And so, as I find them, I put them in issues of Pulphouse Fiction Magazine, if they fit, are high quality, and feel like a Pulphouse story to me. Tough hoops to jump through for any author or story.
To make matters worse, I write ghost stories.
I write a lot of ghost stories, actually, from an entire novel series in my Ghost of a Chance series to strange ghost stories inside my Bryant Street series. I also have an entire series starring the ghost Marble Grant and her lover Sims. As two ghosts, they solve crimes and I even included one of their stories in this volume because I am the editor and I can (only story not in Pulphouse Fiction Magazine).

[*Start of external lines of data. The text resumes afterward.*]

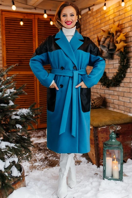 Сочетание фактур и гармония в цвете никого не оставит равнодушным. Мы предлагаем Вам ультра-модное пальто в черно-белой гамме в сочетании с эко-кожей. Пальто свободного силуэта. По переду и спинке с отрезными кокетками из эко-кожи. На полочках обработаны накладные карманы. Спинка со средним швом. Воротник пиджачного типа. Пальто на подкладке. Дополнено поясом, что позволяет регулировать ширину талии.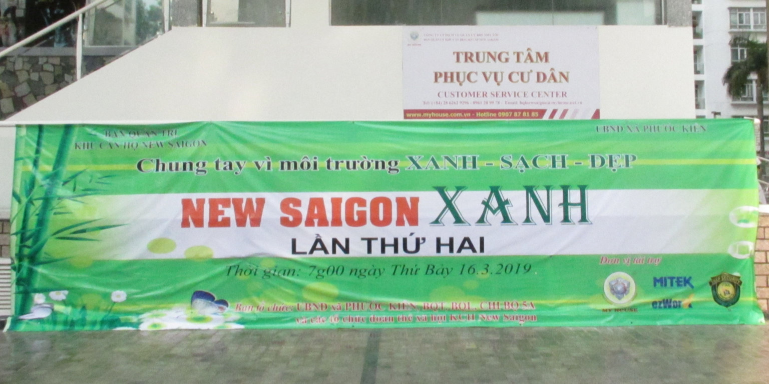 Chương trình "NEW SAIGON XANH Lần thứ 2" đã nhận được sự hưởng ứng và tham gia nhiệt tình của tình nguyện viên là cư dân và nhân viên của các đơn vị tài trợ như MY HOUSE, MITEK, EzWork, Bảo vệ TNXP với sự hỗ trợ của lực lượng quản lý đô thị, công an địa phương nhằm vệ sinh sạch sẽ, dọn dẹp ngăn nắp tại các khu vực tiện ích công cộng, tầng hầm và khuôn viên nội bộ cũng như vỉa hè bao quanh Khu căn hộ NEW SAIGON.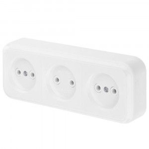 Описание товара: Трехместная электрическая розетка без заземляющего контакта, О/У - открытой установки. Конструктивно механизм электророзетки состоит из термостойкого электротехнического композитного материала, электрических контактов для электровилки выполненных из высокоупругой фосфористой бронзы и клемм для фиксации токопроводящего провода. Корпус произведен из облегченного износостойкого ABS-пластика белого цвета.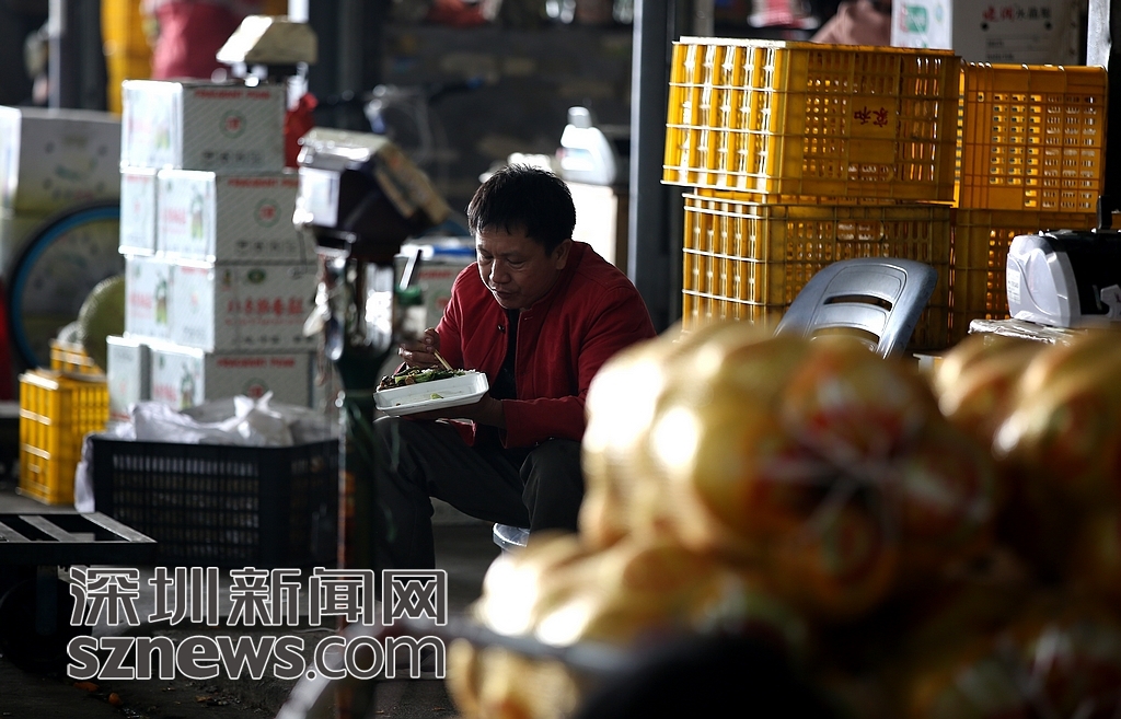 火灾没有影响到生意的正常进行,没有遭受影响的水果摊主在吃中饭。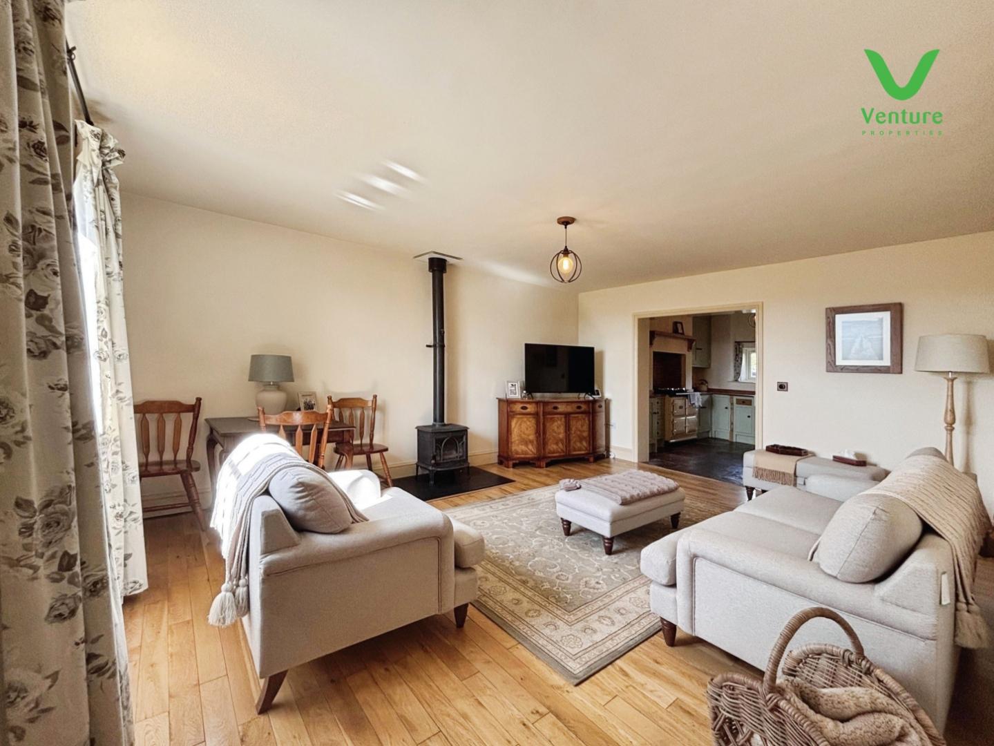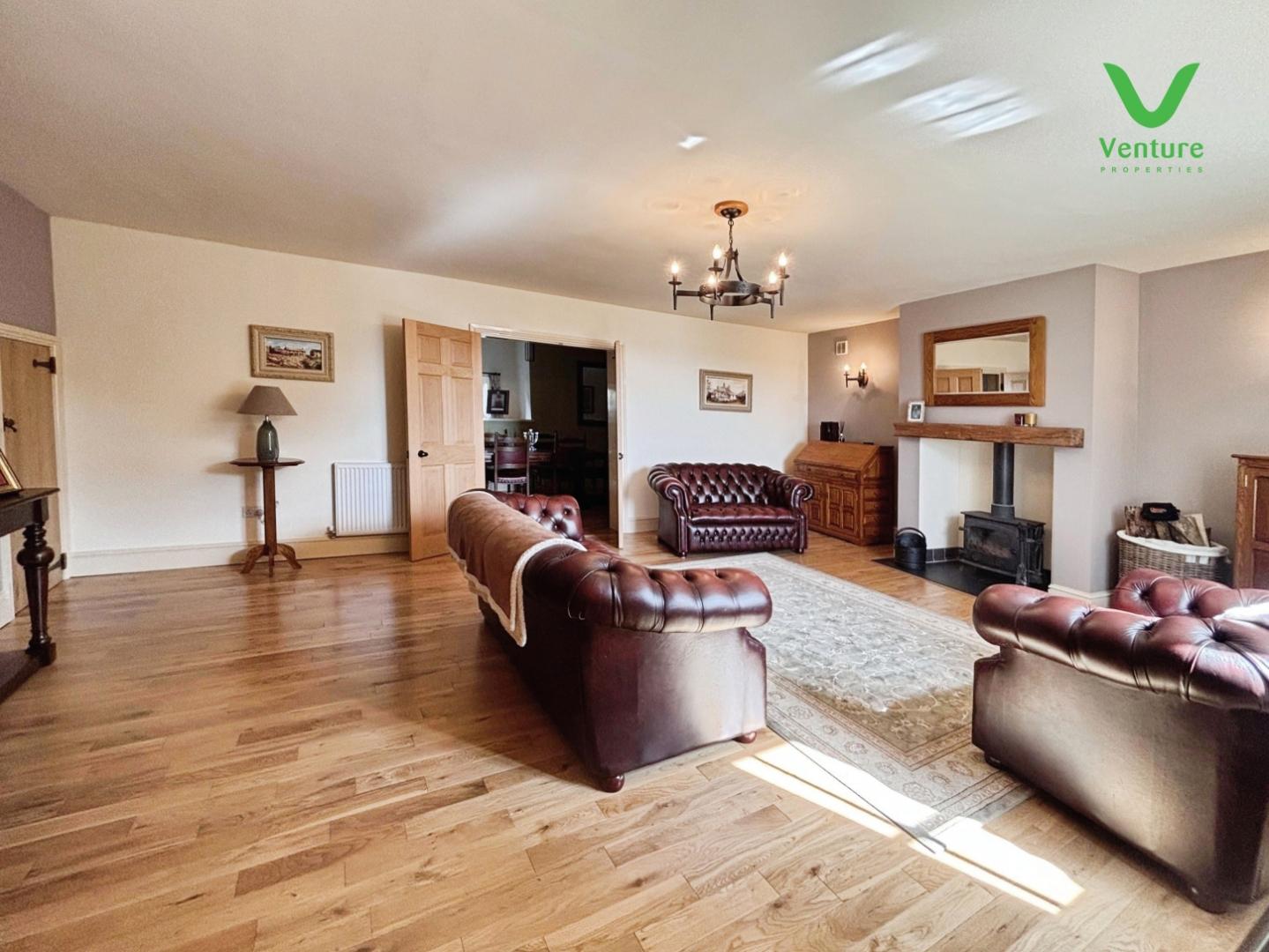 Feature timber mantle, inset multi fuel stove, granite hearth, oak flooring, tv point, wall light points, two central heating radiators. UPVC double glazed window to the front elevation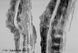 | Figure 33. These are cross-sections of the spinal column of 4-5-weekold broilers. The sample on the right is normal. That on the left shows the typical lesion of spondylolisthesis, with rotation of the body of the vertebra and the pinching of the spinal column that causes paralysis. |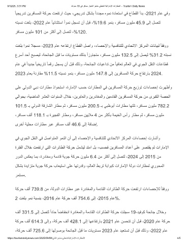 2023 مﺎﻌﺑ ﺔﻧرﺎﻘﻣ %11.5 ﮫﺗﺑﺳﻧ وﻣﻧﺑ ،رﻓﺎﺳﻣ نوﯾﻠﻣ 147.8 ﻰﻟإ نﯾرﻓﺎﺳﻣﻟا ﺔﻛرﺣ عﺎﻔﺗرﺎﺑ 2024.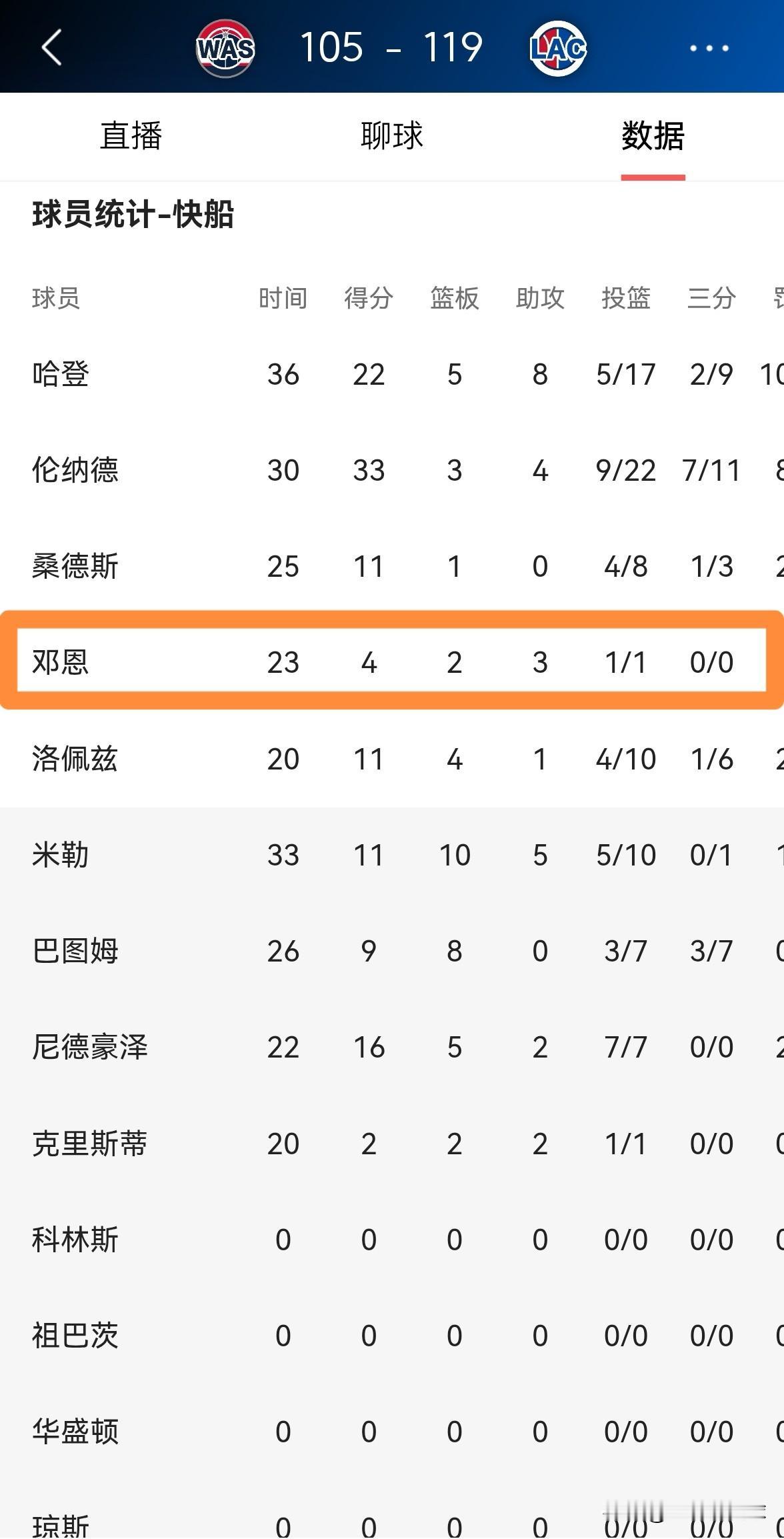 快船大将邓恩真是太有自知之明了!在今天快船主场以119:105击败奇才的比赛中,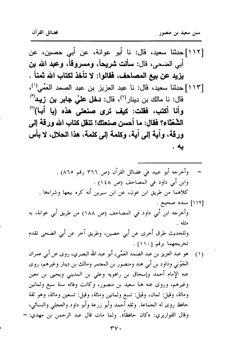١١٢ - حَدَّثَنَا سَعِيدٌ، قَالَ: نا أَبُو عَوَانَةَ، عَنْ أَبِي حَصِينٍ، عَنْ أَبِي الضُّحَى، قَالَ: سَأَلْتُ شُرَيْحًا، وَمَسْرُوقًا، وَعَبْدَ اللَّهِ بْنَ يَزِيدَ عَنْ بَيْعِ الْمَصَاحِفِ، فَقَالُوا: لَا تَأْخُذْ لِكِتَابِ اللَّهِ ثَمَنًا.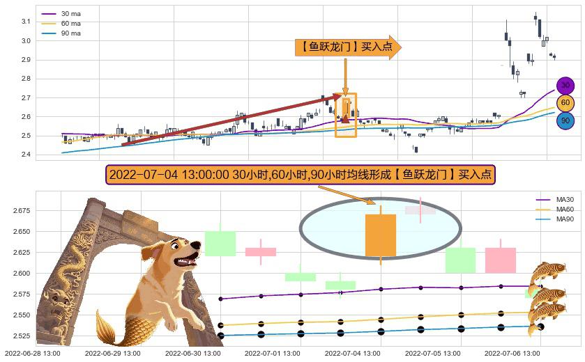 形态多维评估: ⚀ 2022-07-04 13:00:00小时显现 30小时-60小时-90小时均线 【鱼跃龙门】买入点 看多信号,后市看涨,买入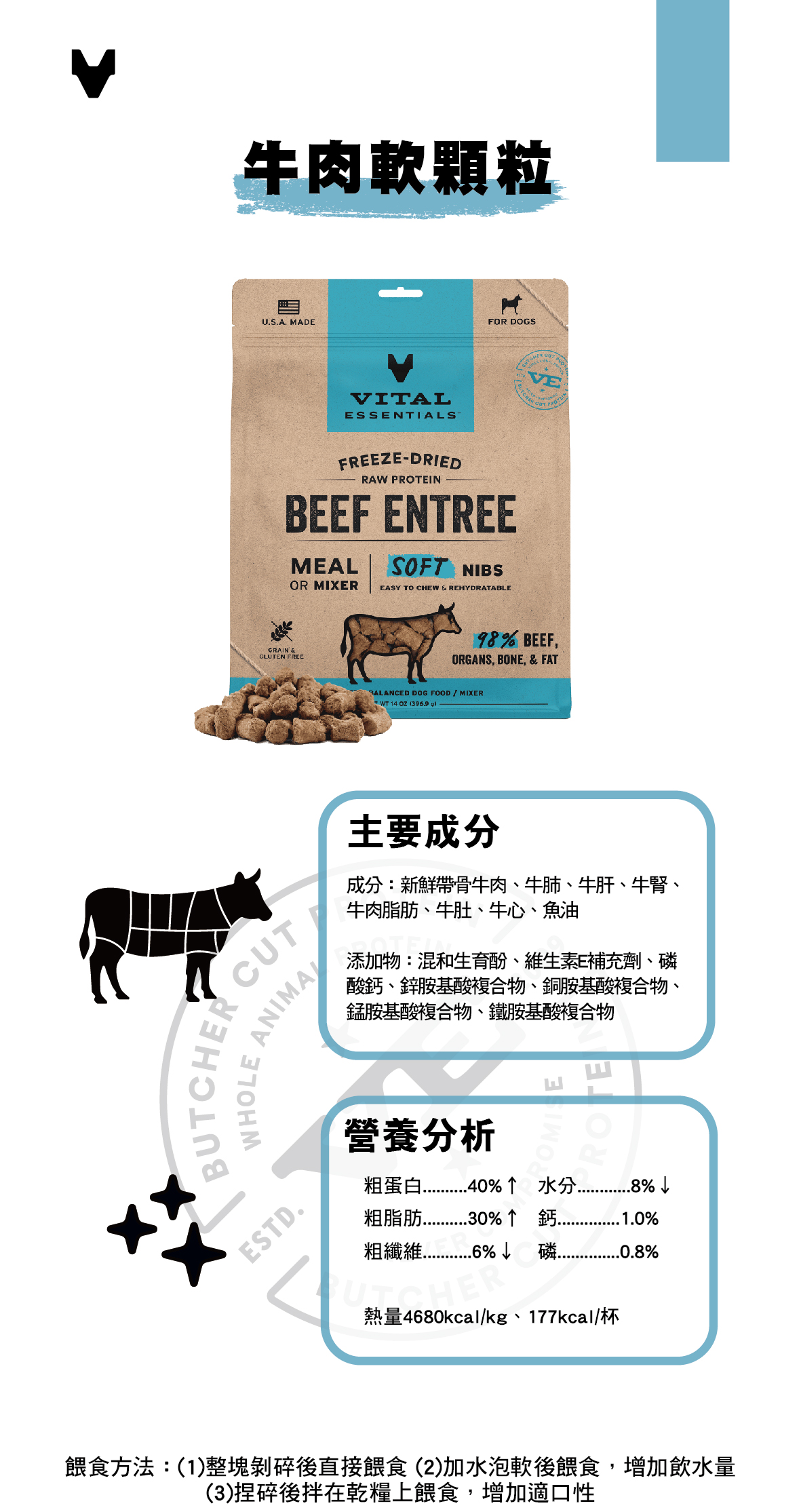 VE凍乾鮮肉犬用生食餐-牛肉軟顆粒
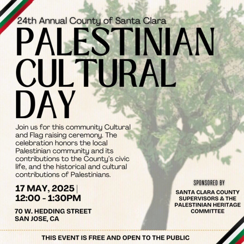 Join us for this community cultural and flag raising ceremony. The celebration honors the local Palestinian community and its contributions to the County's civic life, and the historical and cultural contributions of Palestinians.
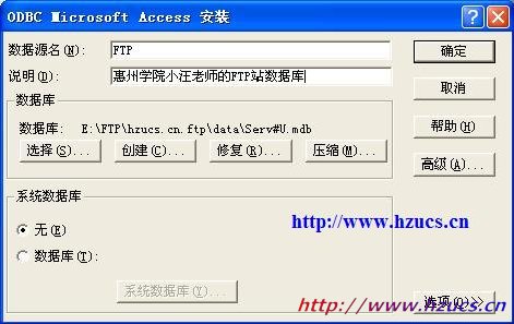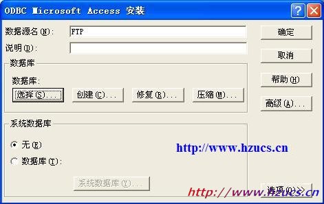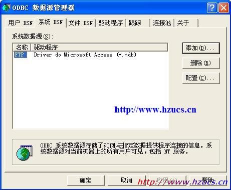 2.建立系统数据源:ftp,通过ODBC进行数据库连接,连接到Serv#U.mdb.步骤如图
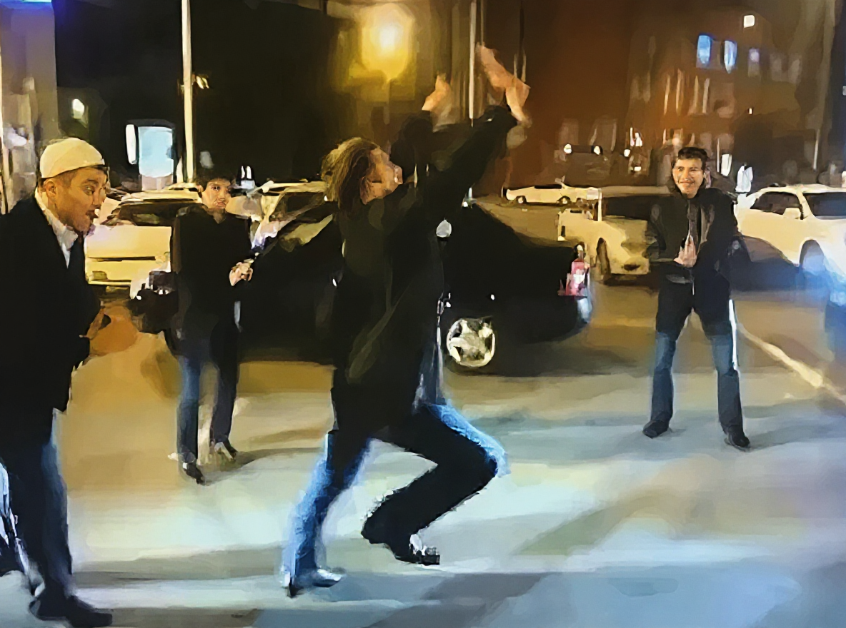Возможно, их ученики по ночам и практикуют свои умения – тут же, на площадке. Кто на крыше автомобиля, кто прямо на дороге. Без специальных залов, всё на улице. Для них это комфортно.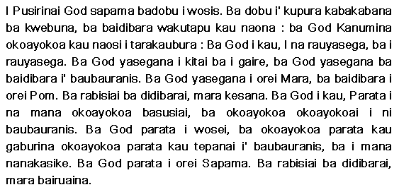 Translation In the beginning God created heaven and earth. The earth was formless and empty, and darkness covered the deep water. The spirit of God was hovering over the water. Then God said, "Let there be light!" So there was light. God saw the light was good. So God separated the light from the darkness. God named the light "day", and the darkness he named "night". There was evening, then morning, the first day.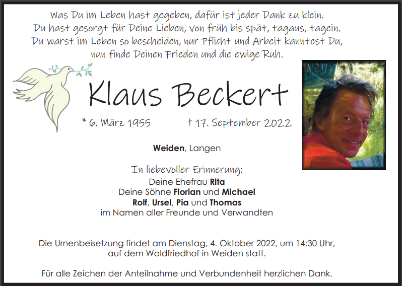 Traueranzeige Klaus Beckert, Weiden 28. September 2022, 06:00 Uhr Von: redaktion Traueranzeige Klaus Beckert, Weiden Stadtgebiete Weiden Weiden Stadt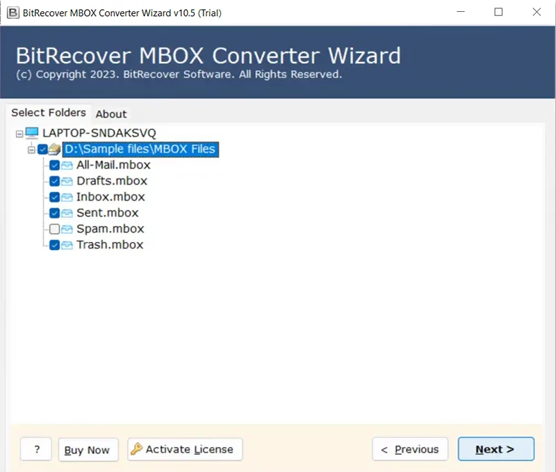 2. Sélectionnez votrefichier MBOX individueloudossier entieravec des fichiers MBOX.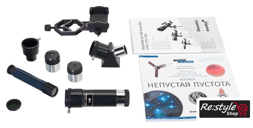 | Комплект поставки | Оптическая труба телескопа, азимутальная монтировка, алюминиевая тренога, оптический искатель 2х, окуляр H8 мм, 1,25", окуляр H20 мм, 1,25", диагональная призма, линза Барлоу 3х, адаптер для смартфона, рюкзак для переноски, книга знаний «Космос. Непустая пустота», инструкция по эксплуатации и гарантийный талон. |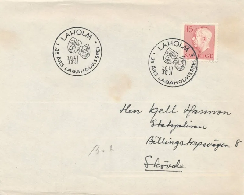Försändelse med minnespoststämpel Laholm 25 Års Lagaholmsspel 1957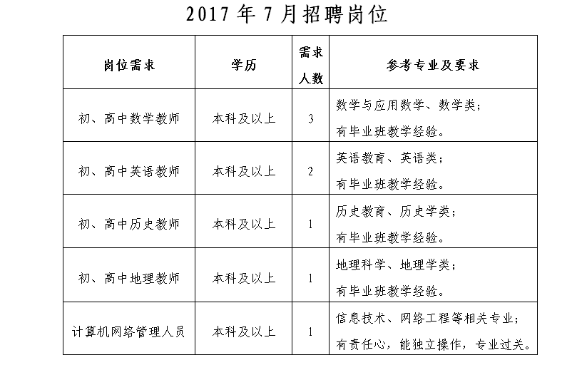 2.英語教師應(yīng)具備專業(yè)四級及以上資格;專業(yè)八級資格優(yōu)先考慮。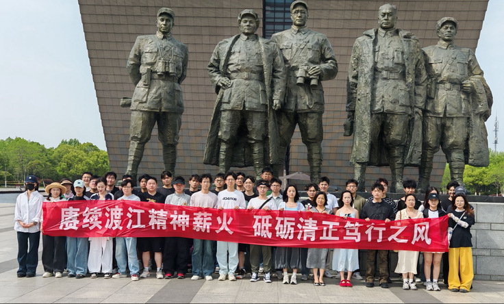 本网讯 为深入学习贯彻党的二十大精神,深化党史学习教育,弘扬红色文化,增强党员队伍的文化自信与党性修养,2025年4月17日,建筑与规划学院建筑学专业研究生党支部组织党员前往渡江战役纪念馆和安徽省美术馆参观学习,开展了一场别开生面的红色主题教育实践活动,学院党委委员陈宜瑜老师带队前往。此次活动紧密结合中央八项规定精神学习教育,倡导廉洁务实作风,确保学习教育活动既严肃认真又高效节俭。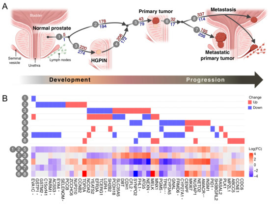 The transcriptomic landscape of prostate cancer development and progression. (A) Biological comparisons between tissue types were performed and the top 500 genes were used to assemble the molecular alteration map (MAM) of prostate transcriptional space (Methods). Circled numbers 1–8 indicate individual PC development or progression stages presented in the context of the prostate gland and surrounding organs. The number of up- and down-regulated genes between stages are indicated by red and blue text, respectively. (B) Diagram (top) and heatmap (bottom) illustrating the direction and fold-change (FC), respectively, of expression alterations for selected novel or biologically relevant genes across individual MAM stages (top) and biological comparisons (bottom). The FC values are presented in log2 scale. * in silico prediction validated in a clinical cohort (p-value < 0.05); ^ positive control; ^^ negative control.

So I am picky about ghost stories in the pages of Pulphouse Fiction Magazine. But even with that, I managed to find a bunch of stories that fit perfectly into this fun reprint anthology, including stories from the fantastic Annie Reed and a story each from the New York Times bestselling writers Kristine Kathryn Rusch and Kevin J. Anderson.
Kris’s story (I must point out) is not a real ghost story. But the character acts like a ghost and I really like the story.
Sure hope you enjoy these stories as much as I have. They are all fantastic fun and perfect Pulphouse stories.
Dean Wesley Smith
Las Vegas
The Four Thirty-Five
ANNIE REED
My wife, Kristine Kathryn Rusch, calls Annie Reed one of the best writers I’ve come across in years.
I agree completely.
Annie’s stories appear regularly in many varied professional markets and I am proud to say she is a regular in Fiction River.
Her story The Color of Guilt
was selected for The Year’s Best Crime and Mystery Stories 2016. She is also one of the founding members of the innovative Uncollected Anthology.
As is normal with Annie stories, this story starts in one direction and then yanks you and your heart in another. A really powerful story.
At first Chet thought the kid belonged to one of the tourist families down by the lake.
The mountain lake stretched clean and cold and crystal blue for miles beneath a cloudless Idaho sky. Chet couldn’t remember the name of the lake, if he’d ever known it in the first place. Hell, some days he couldn’t even remember what state he was in. His memory had been going for years, like little pieces of himself blowing away on the chill north wind that set the pines and cedars to whispering among themselves come nightfall.
Something about the lake had called to him the first time he’d seen it from the open doorway of the boxcar that brought him here. Rough mountains all around, and train tracks that circled the edge of all that clear blue water. After the wind died down at night and the mountains got quiet, he would swear he could hear the sweet mournful sound of a train whistle from the other side of the lake, but no night trains ever came his way.
The only train he saw anymore was the Four Thirty-Five, six days out of seven, regular as clockwork.
Chet had found a nice place to call his own near the base of the old stone bridge where the tracks crossed over a feeder stream. The trees grew tall near his place, and the undergrowth was thick enough to hide a man if he was the hiding kind.
The lake was less than a half-mile away from the stone bridge as the crow flies, he reckoned, but he never went down the steep hill to the lakeshore. He didn’t even go down to the water’s edge late at night after the tourists took their cars and motorcycles and went home.
He could have gone if he wanted to, he told himself. Gone right on down to the shallows where the tourists let their kids swim and plunged his hand in deep just to feel the bone-cold chill of the water; but the idea of doing that just didn’t feel right. His place up by the tracks—now, that was home, and he liked it just fine. He could watch the Four Thirty-Five go by and make up stories about where the train had been and where it were going, and imagine catching a ride in one of the empty boxcars like the ones he’d traveled the country in before he’d settled down.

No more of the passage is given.